AI-generated summary
Accelerating research on Large Multimodal Models (LMMs) in non-English
languages is crucial for enhancing user experiences across broader populations.
In this paper, we introduce JMMMU (Japanese MMMU), the first large-scale
Japanese benchmark designed to evaluate LMMs on expert-level tasks based on the
Japanese cultural context. To facilitate comprehensive culture-aware
evaluation, JMMMU features two complementary subsets: (i) culture-agnostic (CA)
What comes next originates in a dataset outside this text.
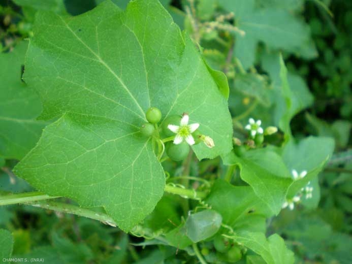Fleurs verdâtres, veinées, en fascicules axillaires (plante dioïque). Fleurs mâles plus grandes et bien plus longuement pédonculées que les fleurs femelles. Sépales triangulaires (figures 4 et 5)

subset, where the culture-independent subjects (e.g., Math) are selected and
translated into Japanese, enabling one-to-one comparison with its English
counterpart MMMU; and (ii) culture-specific (CS) subset, comprising newly
crafted subjects that reflect Japanese cultural context. Using the CA subset,
we observe performance drop in many LMMs when evaluated in Japanese, which is
purely attributable to language variation. Using the CS subset, we reveal their
inadequate Japanese cultural understanding. Further, by combining both subsets,
we identify that some LMMs perform well on the CA subset but not on the CS
subset, exposing a shallow understanding of the Japanese language that lacks
depth in cultural understanding. We hope this work will not only help advance
LMM performance in Japanese but also serve as a guideline to create
high-standard, culturally diverse benchmarks for multilingual LMM development.
The project page is https://mmmu-japanese-benchmark.github.io/JMMMU/.